● RECORDED DATA

☆ ☆ ☆ ☆ ☆ ☆ ☆

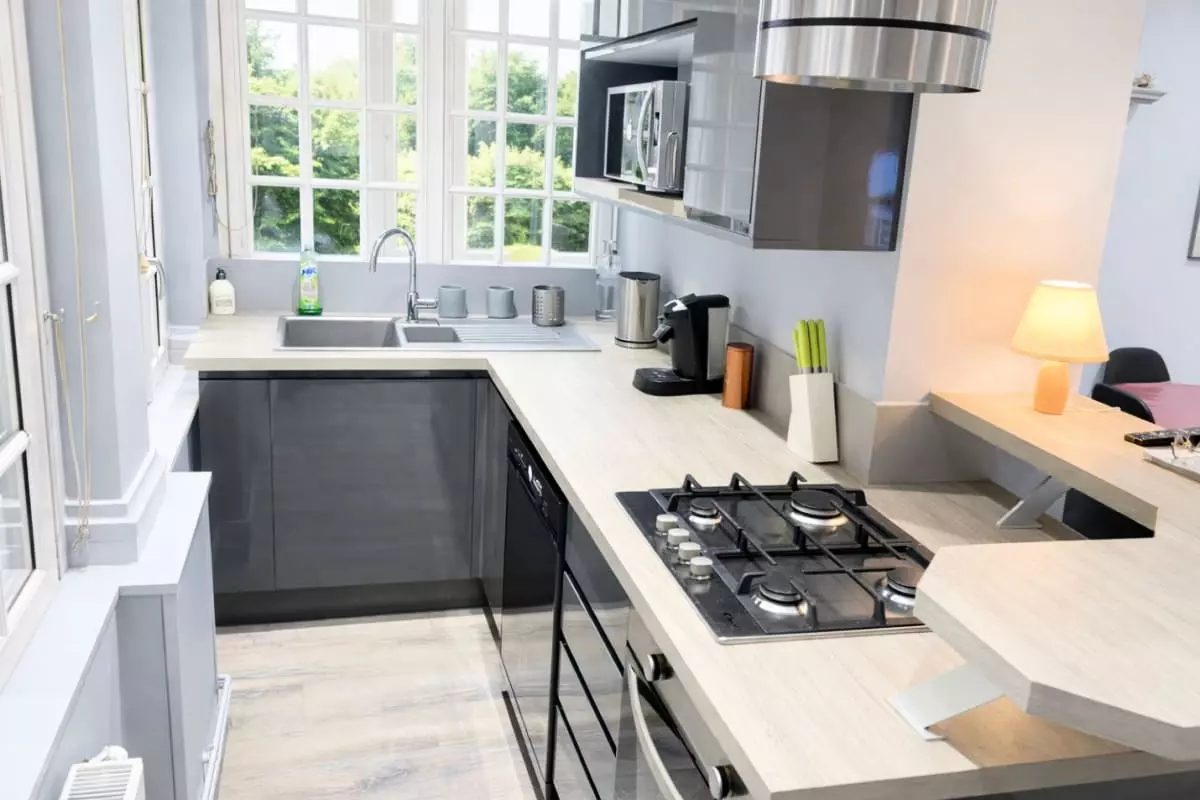 - une cuisine ouverte et toute équipée ;
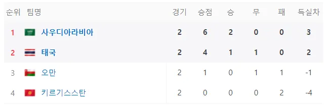 키르기스스탄 대 사우디아라비아는 1차전에서 격렬한 경기를 펼칠 예정입니다. 키르기스스탄은 이 경기에서 패배하면 16강 진출 기회를 잃게 됩니다. 오만이 태국을 이긴다면 키르기스스탄은 역전 2위의 희망을 가질 수 있지만, 동시에 오만에게 최소 3골을 넣고 이기는 것은 어려운 도전입니다.
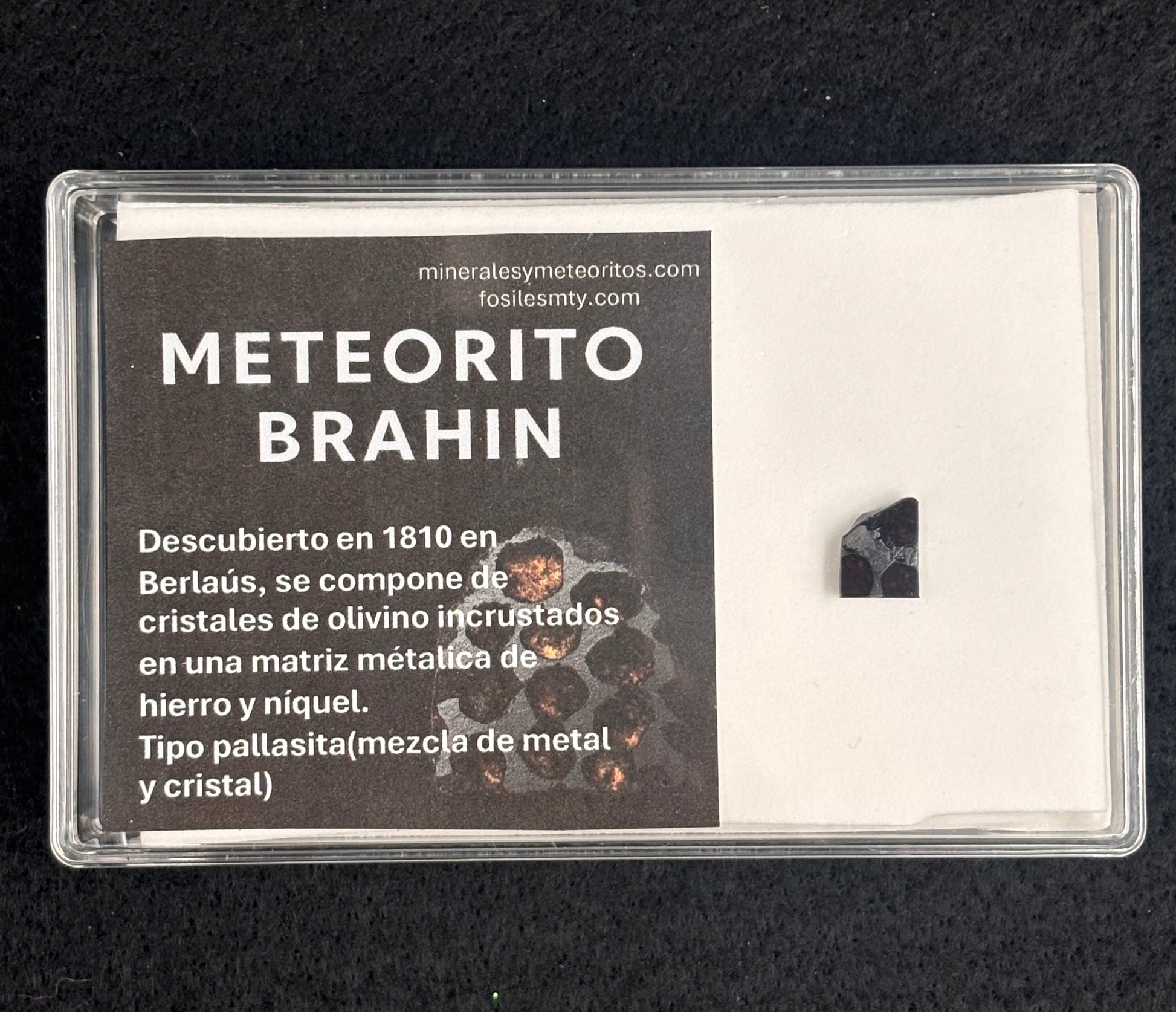 El Brahin es un meteorito pallasita, una de las clases más bellas y raras que existen. Fue descubierto en Belarús en 1810. Se compone de cristales de olivino (peridoto) incrustados en una matriz metálica de hierro y níquel, lo que le da un aspecto translúcido y espectacular cuando se corta en láminas delgadas.

☆ ☆ ☆ ☆ ☆ ☆ ☆

● WORK TO BE COMPLETED
Restate the listing word for word. Pictures do not belong in the copy.

● EXERCISE ANSWER
 - une cuisine ouverte et toute équipée ;
 키르기스스탄 대 사우디아라비아는 1차전에서 격렬한 경기를 펼칠 예정입니다. 키르기스스탄은 이 경기에서 패배하면 16강 진출 기회를 잃게 됩니다. 오만이 태국을 이긴다면 키르기스스탄은 역전 2위의 희망을 가질 수 있지만, 동시에 오만에게 최소 3골을 넣고 이기는 것은 어려운 도전입니다.
 El Brahin es un meteorito pallasita, una de las clases más bellas y raras que existen. Fue descubierto en Belarús en 1810. Se compone de cristales de olivino (peridoto) incrustados en una matriz metálica de hierro y níquel, lo que le da un aspecto translúcido y espectacular cuando se corta en láminas delgadas.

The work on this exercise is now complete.